И все же Федор не мог не думать о Татьяне Михайловне. Ему нравилась эта чистая, такая правдивая и открытая душа, эта детская непосредственность, желание сразу забрать жизнь в свои руки. Возбуждала жалость ее, беспомощность, полное незнание своих сил. Чуточку пугала чрезмерная восторженность. Не совсем понятен был ход ее мыслей и переживаний.
Жизнь учит: кто быстро загорается, тот быстро и потухает. А что затем? Два несчастных существа с неуспевшими расцвесть и уже искалеченными сердцами. Да полно, так ли это? Не с вымыслами ли пустыми приходится дело иметь?

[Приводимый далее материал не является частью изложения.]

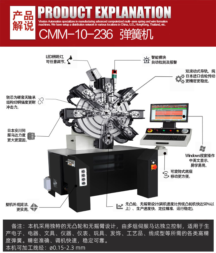 • 產(chǎn)品概述: CMM-10-236電腦彈簧機 可生產(chǎn)?0.15-2.3 mm線徑彈簧及線成形等)本機采用獨特的無凸輪和無搖臂設(shè)計,由多組伺服馬達獨立控制,可以生產(chǎn)各種各樣異型彈簧、壓簧、雙扭簧、電池簧、扁簧(發(fā)條簧)及各種線成型等。精密準(zhǔn)確、調(diào)機快速、穩(wěn)定可靠。
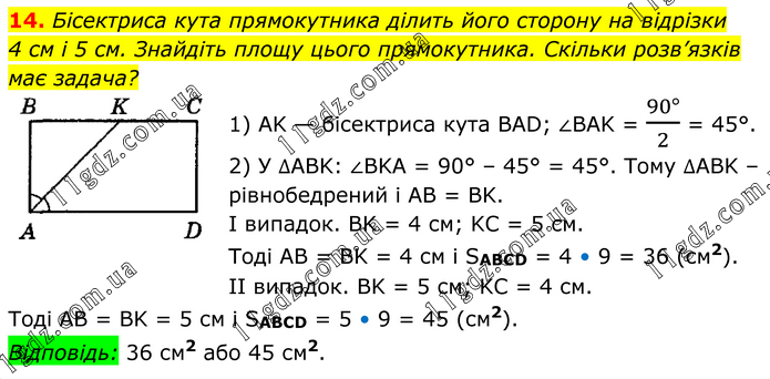 Бісектриса кута прямокутника ділить його сторону на відрізки 4 см і 5 см. Знайдіть площу цього прямокутника. Скільки розв’язків має задача? 1) AK — бісектриса кута BAD; ∠BAK = (90°)/2 = 45°. 2) У ∆ABK: ∠BKA = 90° – 45° = 45°. Тому ∆ABK – рівнобедрений і AB = BK. I випадок. BK = 4 см; KC = 5 см. Тоді AB = BK = 4 см і SABCD = 4 • 9 = 36 (см2). II випадок. BK = 5 см; KC = 4 см. Тоді AB = BK = 5 см і SABCD = 5 • 9 = 45 (см2). Відповідь: 36 см2 або 45 см2.
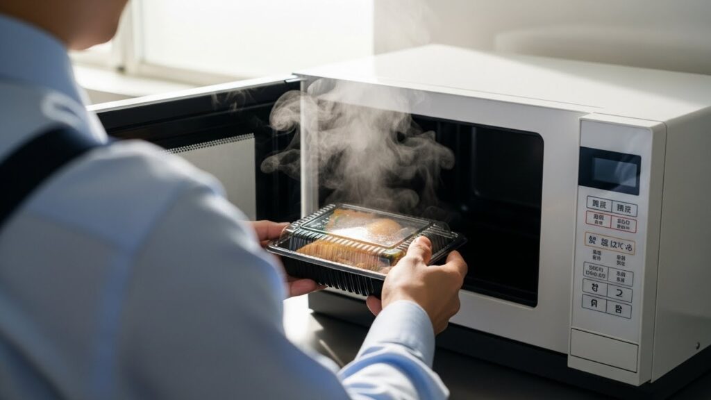 電子レンジで加熱する際はガラス容器や陶器に移し替えるなど、口に入る直前の工程だけ工夫してみましょう。
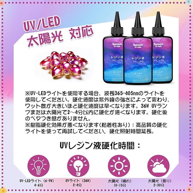 UV-LED対応と急速硬化:最新樹脂仕様、硬化時間が短い。UVレジン液は紫外線ランプやLEDランプと組み合わせて使用できます。太陽光でも簡単に液体を硬化させることができます。経験者も初心者も使いやすいです。

А вдруг все это много проще?..
Федор, никого еще не любивший, чувствовал себя способным ответить на порыв девушки таким же горячим и откровенным порывом. Но…

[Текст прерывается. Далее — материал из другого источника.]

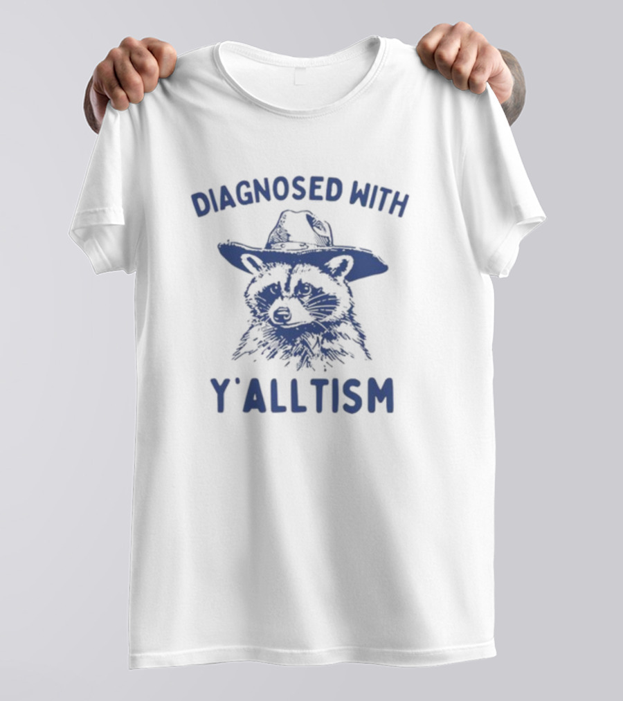 Diagnosed With Y'alltism Raccoon Wearing Cowboy Hat Shirt made from 100% pre-shrunk ring-spun cotton, unisex regular fit based on U.S. standard sizing. The shirt is designed, cut, sewn, and printed in the United States. Available in sizes S-5XL.
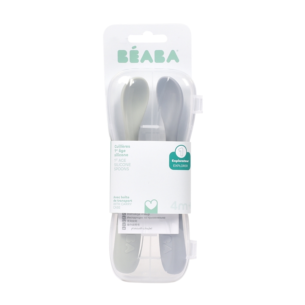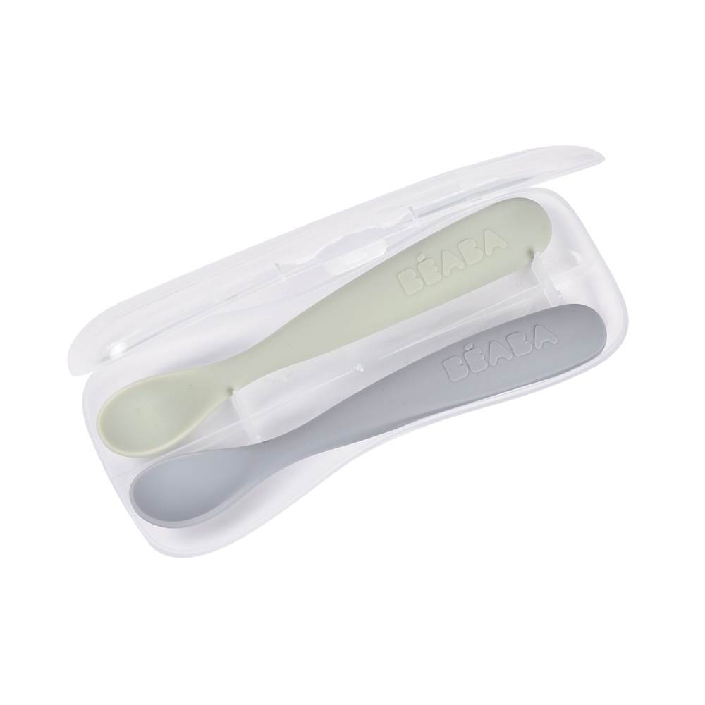Набір ложок Beaba силіконових 4+, 2 шт (сірий/зелений)
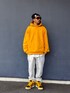 今日2回目の投稿失礼します 2回目はイエローストリート パーカー×スウェットのシンプルなコーデを一工夫して自分の カラー(個性)を出した点がポイントです オーバーサイズのパーカー×レイヤード用タンクトップのゆったり感にスウェットパンツの紐を垂らしてルーズな雰囲気をプラスした見せ方を意識した事 タンクトップの上に黒Tを着る事で首元のレイヤードは黒が見えるようにした事 スウェットパンツの裾をスニーカーにインする事でメリハリが出るようにした事 シンプルなニュアンスのコーデに自分らしいこだわりを乗せる事が出来ました😁 タイトルはコーデの黄色にかけてGOLDやサムライソルジャーで有名な山本隆一郎先生の元ヤンって漫画に出てくる和歌山のチーム『紀伊狼』にしました😜 3回目も投稿する事にしたので(笑)3回目をコメ開けにしますね🤣 休みになると出かけるたびに着替えまくっていて、もう服が趣味と言うよりコーデをする事が趣味になってます🤣 ではみなさん良い午後をお過ごし下さい😌
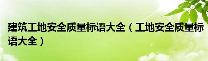 关于建筑工地安全质量标语大全,工地安全质量标语大全这个很多人还不知道,今天菲菲来为大家解答以上的问题,现在让我们一起来看看吧!
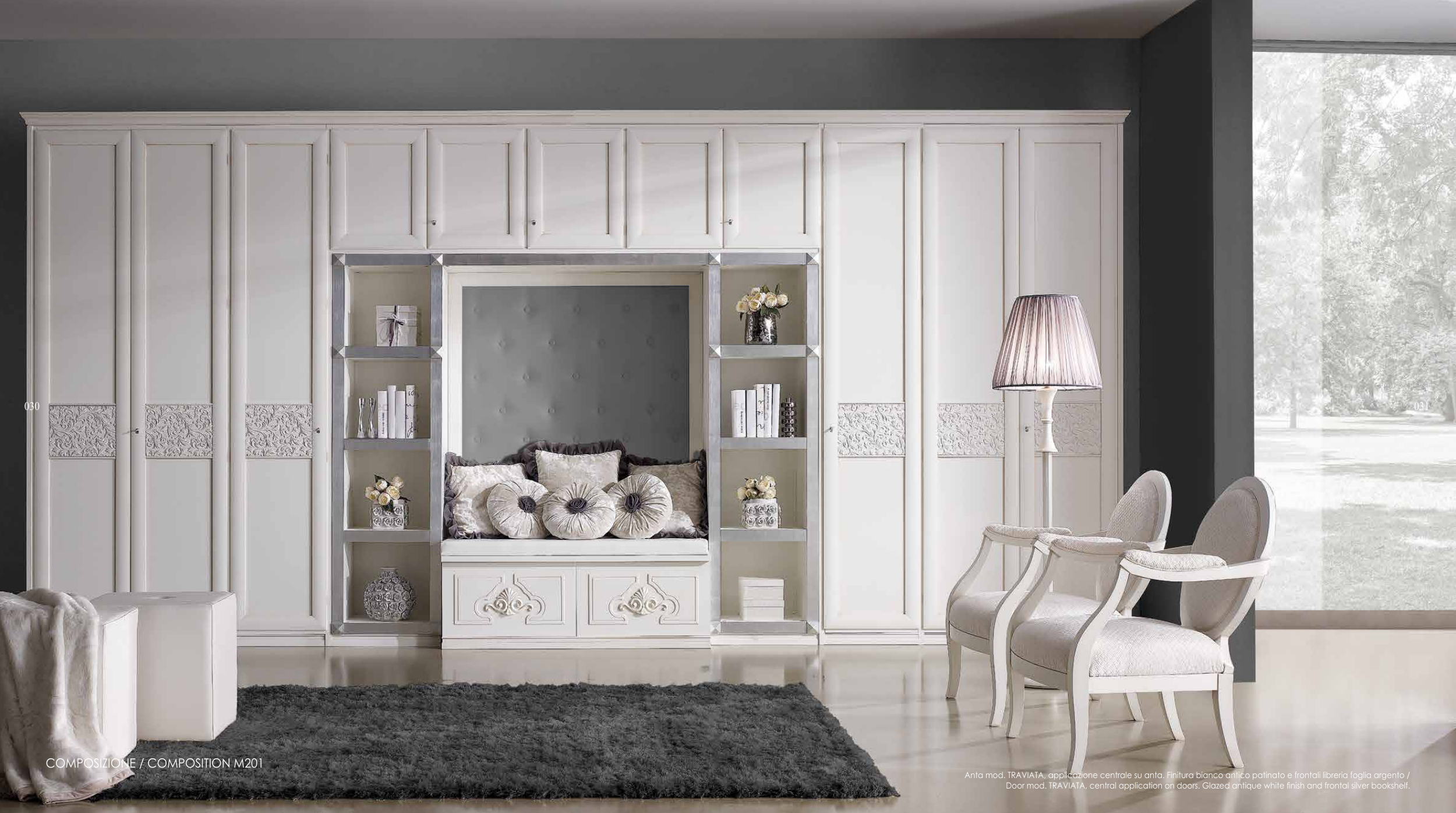 Door mod. TRAVIATA, central application on doors. Glazed antique white finish and frontal silver bookshelf.
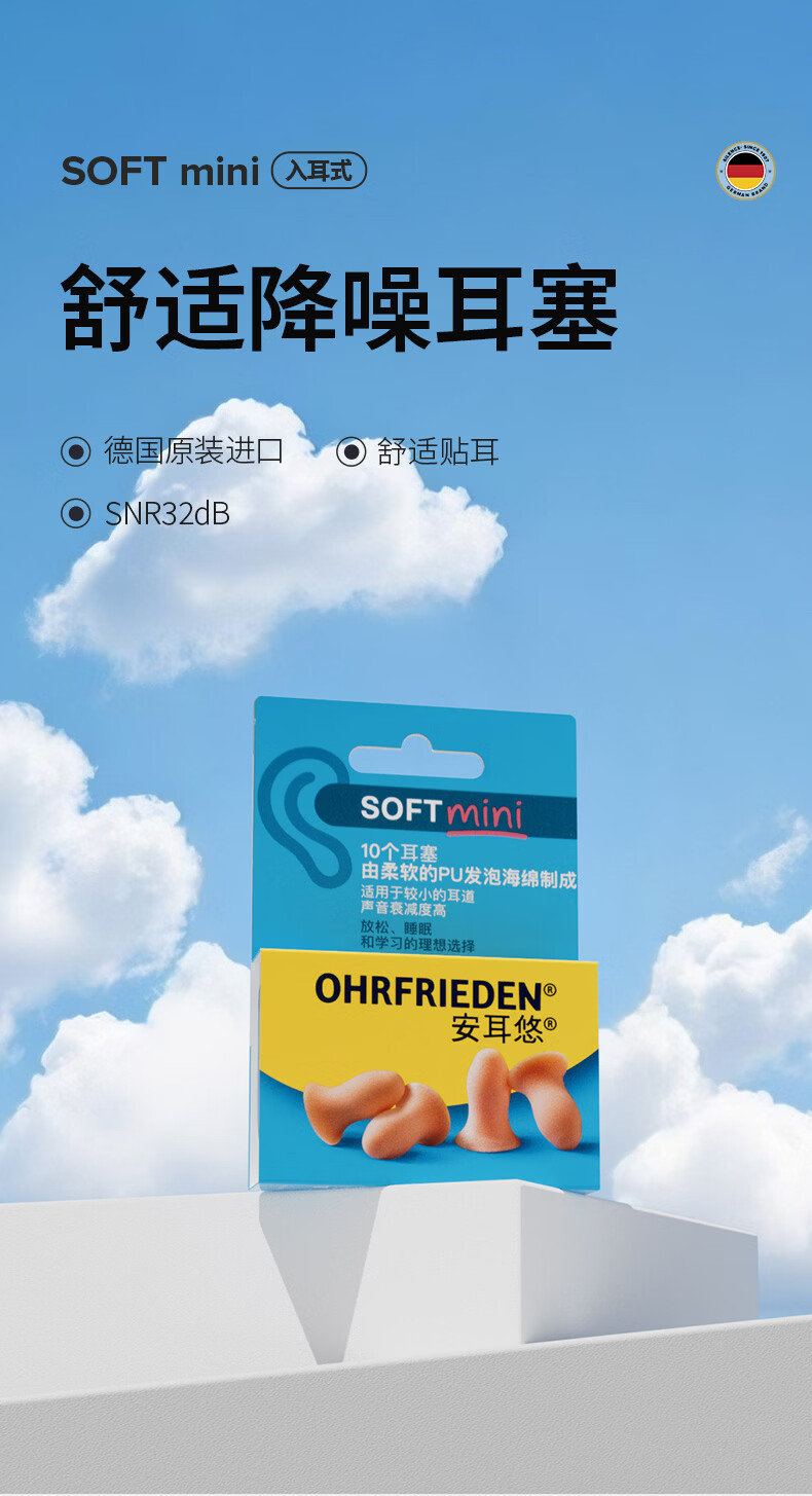 安耳悠 隔音耳塞 防噪音睡觉睡眠专用学习防呼噜 德国进

До поры до времени необходимо это чувство сдерживать и глушить, пока не окрепнет начатое им дело. Не в этом ли деле вся жизнь его? При первой же попытке пойти навстречу чувству девушки его обвинят в безнравственности, в совратительстве, во всех смертных грехах. Тогда весь город, все темные силы ополчатся на него.
А он мог бы полюбить ее всей душой и сердцем, не полюбить как неотторжимую часть мечты всей своей жизни. А пока? А пока — приглушить в себе всякие резкие порывы. Приглядеться, причувствоваться, раскрыть и изучить юную душу. Исподволь. Не тушить в ней надежды, но и не давать поводов малой искорке разгореться в большое пламя. Пусть все останется пока в том же положении… на некоторое время.
Придя к такому решению, Федор немного успокоился.
Волков не ошибся относительно истинного отношения к себе темных сил. Безобидная, детски-семейная трапеза у Ивана Степановича на основании каких-то гнусных слухов, была расписана о. Иринархом архиерею, как греховная оргия, где принимали участие воспитанники духовной академии.
О. Иринарх поставил вопрос сразу круто, требуя исключения виновных питомцев из стен семинарии.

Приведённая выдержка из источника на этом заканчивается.